Seberapa Pentingkah Undang-Undang Hak Sipil tahun 1964?

2 Juli 1964 bukan hanya hari yang buruk di Gedung Putih. Itu juga hari tinta hitam. Tinta itu mengisi 75 pena yang digunakan Presiden Lyndon Johnson untuk menandatangani Undang-Undang Hak Sipil tahun 1964 — boleh dibilang bagian terpenting dari undang-undang hak-hak sipil dalam sejarah AS, karena melarang segregasi rasial dan diskriminasi pekerjaan. Menandatangani RUU menjadi undang-undang membutuhkan 75 pena karena Johnson memberikannya sebagai suvenir untuk menandai peristiwa bersejarah itu.

Yang menerima adalah anggota kerumunan yang mengelilingi Johnson pada penandatanganan, termasuk senator AS dan pemimpin hak-hak sipil seperti Dr. Martin Luther King, Jr. Setelah menyerahkan salah satu pena pertama, Dr. King mengatakan itu segera menjadi salah satu pena pertama. hartanya yang paling berharga, menambahkan bahwa dia “seharusnya benar-benar punya banyak.”

Senator Hubert Humphrey dan Everett McKinley Dirksen, masing-masing pemimpin Senat Demokrat dan Republik, mendapat pena pertama untuk upaya mereka dalam menggembalakan RUU melalui kamar mereka. Tidak mau dibayangi, Jaksa Agung Robert Kennedy mengambil enam pena, seolah-olah untuk diberikan kepada pejabat Departemen Kehakiman yang membantu meloloskan tindakan tersebut. Sementara hari itu penting, tanda tangan Johnson diredam, hanya berbunyi: “Lyndon B. Johnson. disetujui 2 Juli 1964, Washington, DC”
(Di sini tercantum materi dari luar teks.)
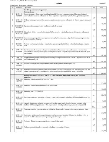 Rodos 6.0.18.5 [9303] - Rekomendacja SKB Strona 1/2 Przedmiar Kanalizacja deszczowa w drodze Nr Podstawa Opis robót 1 2 KNR 2-01 Wykopy z transportem urobku samochodami skrzyniowymi na odległość do 1km w gruncie kategorii 0302/03 IV 3 KNR 15-01 Ręczne wykoszenie porostów rzadkich twardych ze skarp 0114/02 4 KNR 15-01 Odmulenie cieków o szerokości dna do 0,80m koparko-odmularkami, grubość warstwy odmulanej 0116.2/02 20cm 5 6 7 KNNR 4 1411/03 m3 690,800 m3 76,700 m2 408,000 m 60,000 m 5,000 m3 208,000 m3 558,700 m3 558,700 m3 558,700 m2 1 380,000 m 27,500 m 195,000 m 122,500 szt 9,000 PodłoŜa pod kanały i obiekty z materiałów sypkich o grubości 20cm - obsypka i nadsypka z piasku anal. KNR 2-01 Dowóz piachu do zasypki wykopów z załadunkiem koparkami przedsiębiernymi z transportem 0202/04 samochodami samowyładowczymi na odległość do 1km - koparki o pojemności łyŜki 0,60m3, grunt kategorii I-II KNR 2-01 Zasypywanie wykopów liniowych o ścianach pionowych szerokości 0,8-1,5m i głębokości do 3m w 0320/04 gruncie kategorii I-II 9 KNR 2-01 Zagęszczenie wykopów ubijakami mechanicznymi, grunt sypki kategorii I-III 0236/01 10 KNR 2-01 AŜurowe umocnienie pionowych ścian wykopów liniowych o szerokości do 1m i głębokości do 3m 0322/07 palami szalunkowymi (wypraskami) w gruncie suchym kategorii III-IV, wraz z rozbiórką 12 Ilość KNR 15-01 Oczyszczenie przepustów rurowych o średnicy 0,60m z namułu o głębokości zamulenia przewodu 0108.1/02 do 1/3 wysokości średnicy 8 11 Jm Kolektory deszczowe i separator Roboty ziemne KNR 2-01 Roboty ziemne wykonywane koparkami przedsiębiernymi z transportem urobku samochodami 0202/03 samowyładowczymi na odległość do 1km - koparki o pojemności łyŜki 0,40m3, grunt kategorii IV Roboty montaŜowe kan. PVC160 i PVC 250, oraz PVC300,studnie rewizyjne , ściekowe i separator KNR 2-18 Rurociągi kanalizacyjne PVC160 SN8 - anal. 0207/04 KNR 2-18 Rurociągi kanalizacyjne kan PVC250 SN 8 - anal. 0108/06 13 KNR 2-18 Rurociągi kan PVC 300 SN8 0108/07 14 KNR 2-18 Studnie rewizyjne w gotowym wykopie z kręgów Ŝelbetowych o średnicy 1200mm i głębokości 3m 0613/03 15 KNR 2-18 Nakłady dodatkowe za kaŜde rozpoczęte 0,5m dla studni rewizyjnych z kręgów betonowych o 0616/02 średnicy 1200mm i głębokości 3-5m, wykonanych metodą studniarską w gruncie kategorii III 16 KNR 4-01 Przebicie otworów o powierzchni do 0,05m2 w elementach z betonu Ŝwirowego o grubości 10cm 0208/01 17 KNR 2-18 Studzienka ściekowa uliczna prefabrykowana betonowa o średnicy 500mm i gł. średniej 2.4 m z 0625/02 osadnikiem 0.8 m betonowym i wpustem podwórzowym - anal. 18 KNR 2-01 Podsypki filtracyjne z gotowego kruszywa, ze Ŝwiru - anal. 0610/07 19 KNR 2-18 Próba szczelności kanałów rurowych o średnicy nominalnej 150mm 0804/01 0,5m -16,000 szt 26,000 kpl 8,000 m3 1,000 m 27,500 Rodos 6.0.18.5 [9303] - Rekomendacja SKB Przedmiar Kanalizacja deszczowa w drodze Nr Podstawa Opis robót 20 KNR 2-18 Próba szczelności kanałów rurowych o średnicy nominalnej 250mm 0804/03 21 22 23 24 Strona 2/2 Jm Ilość m 195,000 m 122,500 kpl 1,000 kpl 1,000 szt 1,000 m3 0,200 m2 26,200 KNR 2-18 Próba szczelności kanałów rurowych o średnicy nominalnej 300mm 0804/04 MontaŜ separatora KNR 7-04 MontaŜ separatora 10/100 firmy ACO o masie do7,0t - kalk. R-0,1 0308/01 Zakup i dostawa Separatora 10/100 Wylot i umocnienie KNR 2-31 Obudowy betonowych wylotów kolektorów o średnicy 30cm - prefabrykowany 0602/03 25 KNR 2-18 Umocnienie skarp przy wylotach kanałów 0627/01 26 KNR 2-01 Umocnienie skarp i dna kanałów płytami prefabrykowanymi typu krata - kalk. 0520/01

Undang-Undang Hak Sipil tahun 1964:
Senat akhirnya meloloskan undang-undang tersebut setelah filibuster terpanjang dalam sejarahnya, berlangsung selama 54 hari.
Lebih dari 80 persen Partai Republik di Senat dan DPR memilih RUU tersebut, dibandingkan dengan sekitar 60 persen Demokrat.
Satu-satunya pertemuan antara ikon hak-hak sipil Martin Luther King Jr. dan Malcolm X berlangsung selama debat tentang RUU tersebut.